* Problem details
Here the job is to print all of the entries below verbatim and leave out any picture.

* Input data

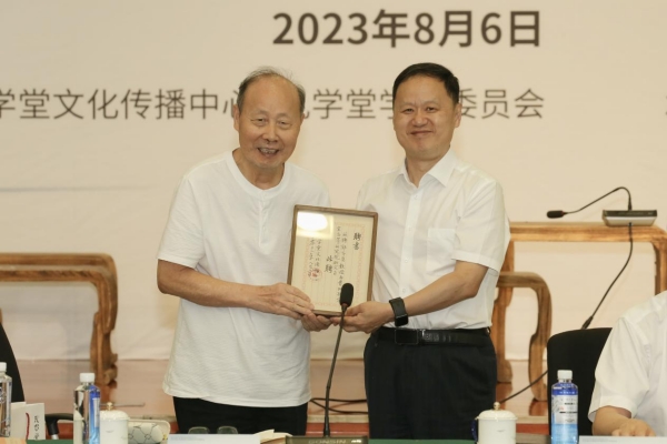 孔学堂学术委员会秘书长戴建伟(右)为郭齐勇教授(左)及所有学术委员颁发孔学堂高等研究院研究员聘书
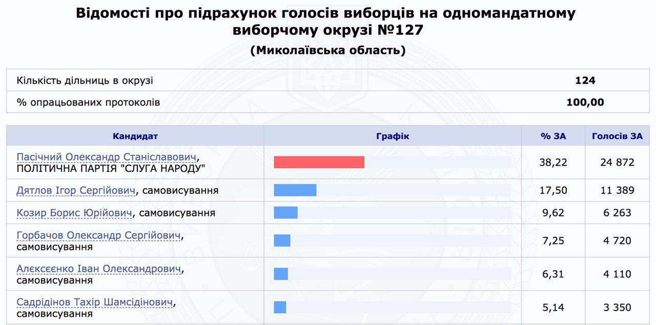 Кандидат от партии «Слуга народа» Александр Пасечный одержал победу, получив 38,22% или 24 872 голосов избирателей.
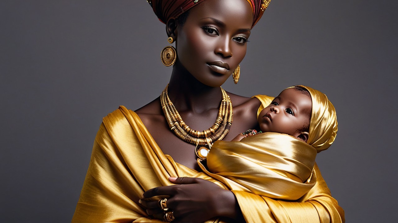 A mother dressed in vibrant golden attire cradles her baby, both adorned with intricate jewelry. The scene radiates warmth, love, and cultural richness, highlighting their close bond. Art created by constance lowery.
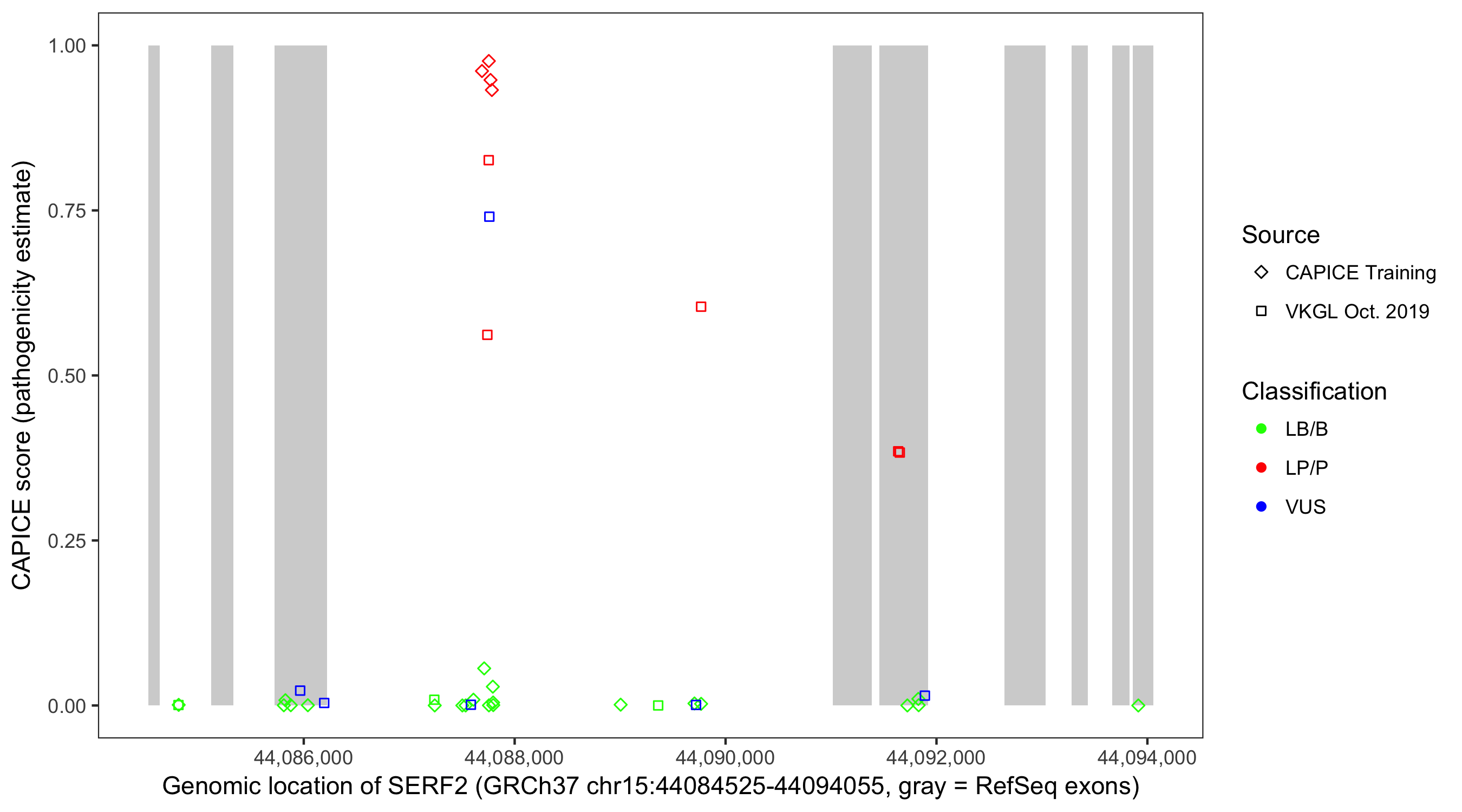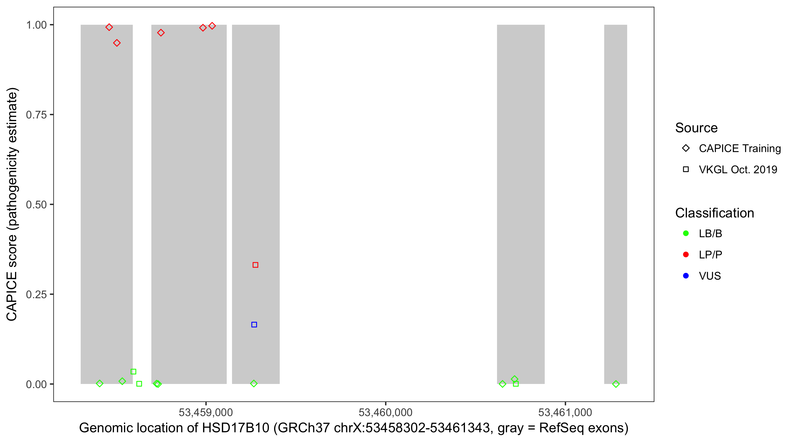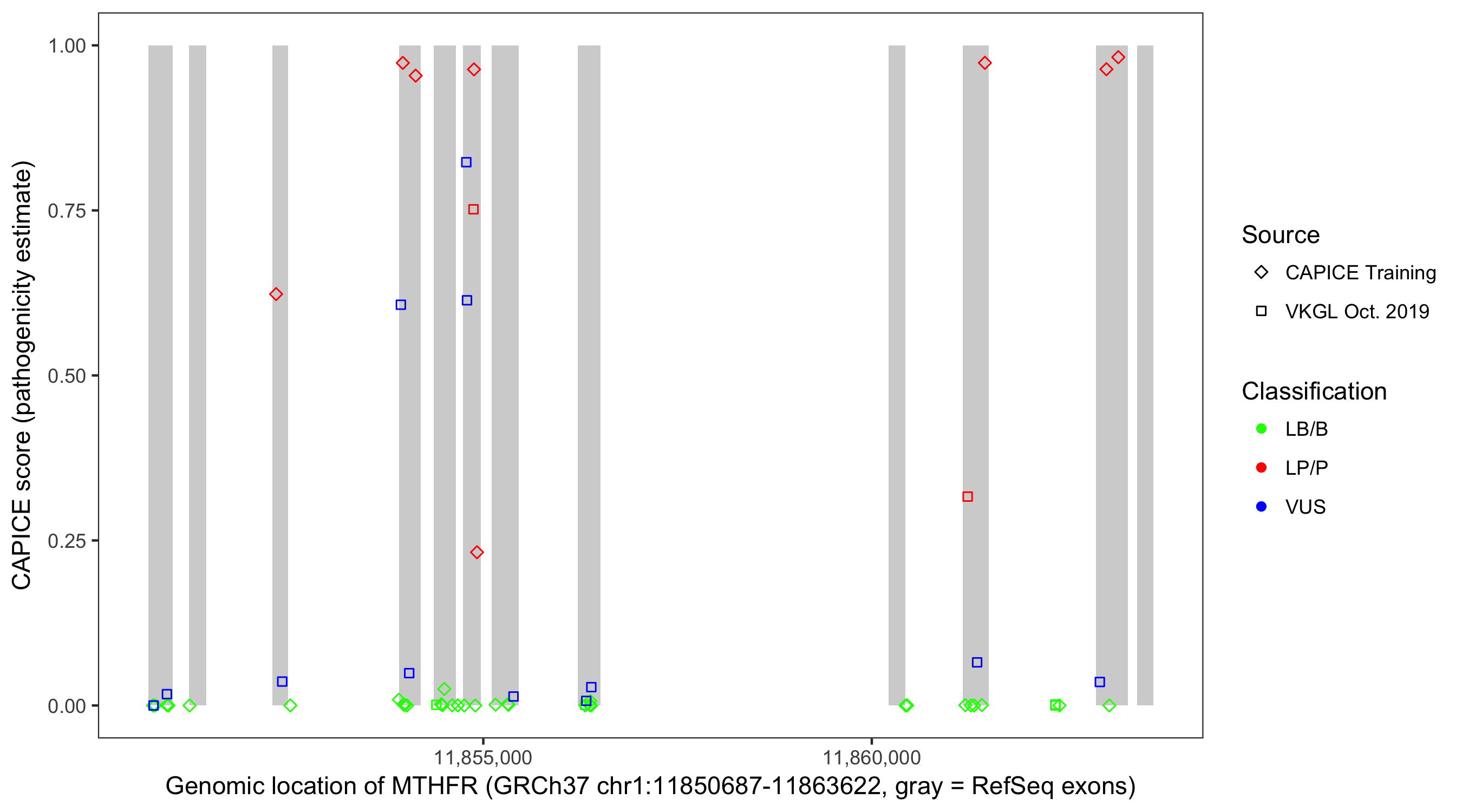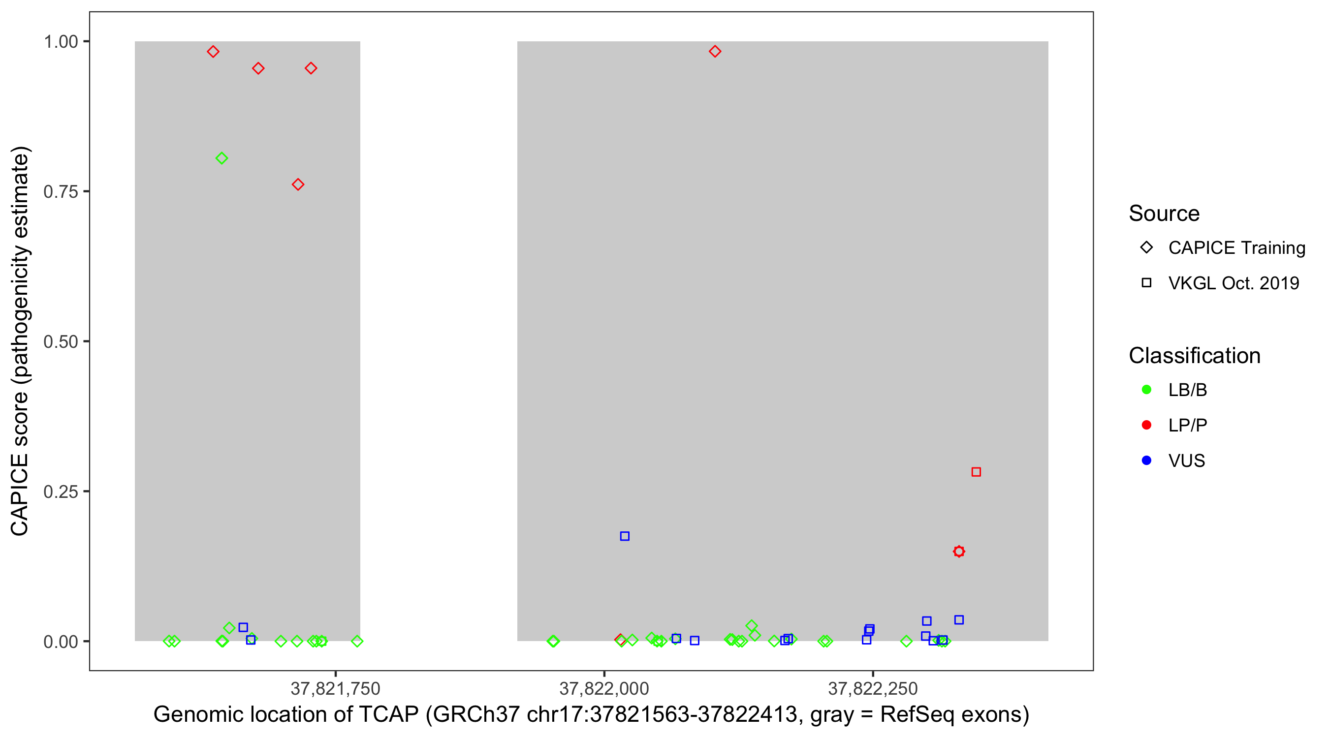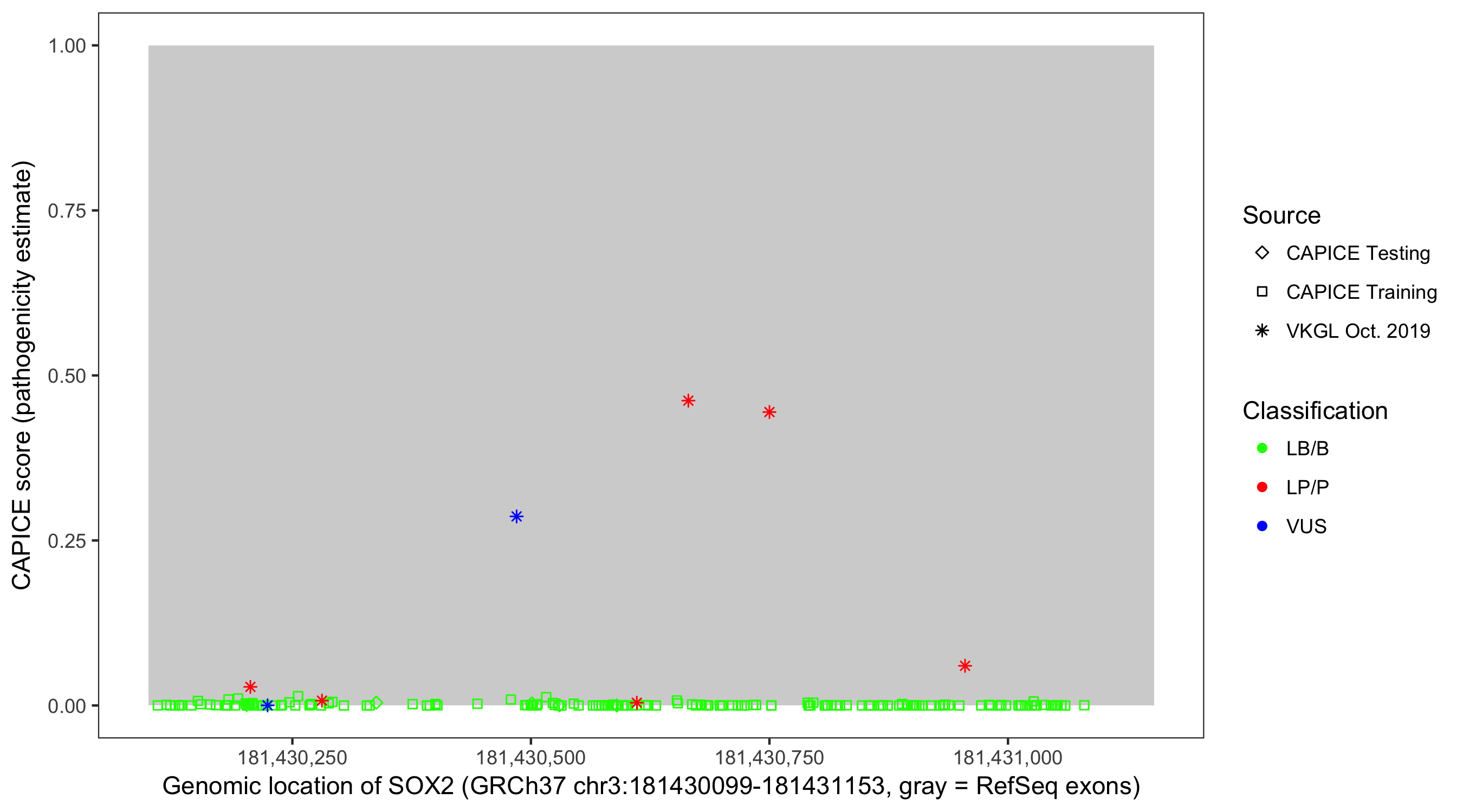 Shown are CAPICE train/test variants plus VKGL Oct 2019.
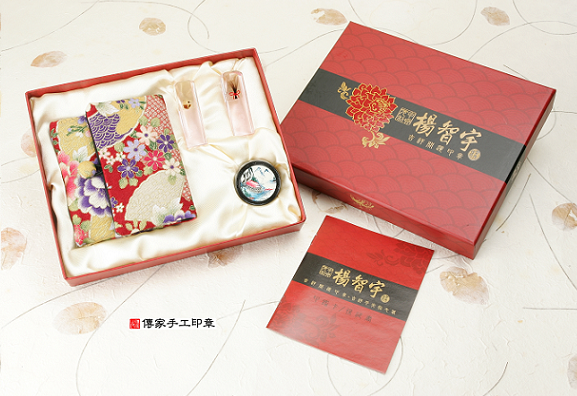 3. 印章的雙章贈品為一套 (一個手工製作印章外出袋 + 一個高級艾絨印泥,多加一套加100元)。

* Output for this task
 孔学堂学术委员会秘书长戴建伟(右)为郭齐勇教授(左)及所有学术委员颁发孔学堂高等研究院研究员聘书
 Кандидат от партии «Слуга народа» Александр Пасечный одержал победу, получив 38,22% или 24 872 голосов избирателей.
 A mother dressed in vibrant golden attire cradles her baby, both adorned with intricate jewelry. The scene radiates warmth, love, and cultural richness, highlighting their close bond. Art created by constance lowery.
 Shown are CAPICE train/test variants plus VKGL Oct 2019.
 3. 印章的雙章贈品為一套 (一個手工製作印章外出袋 + 一個高級艾絨印泥,多加一套加100元)。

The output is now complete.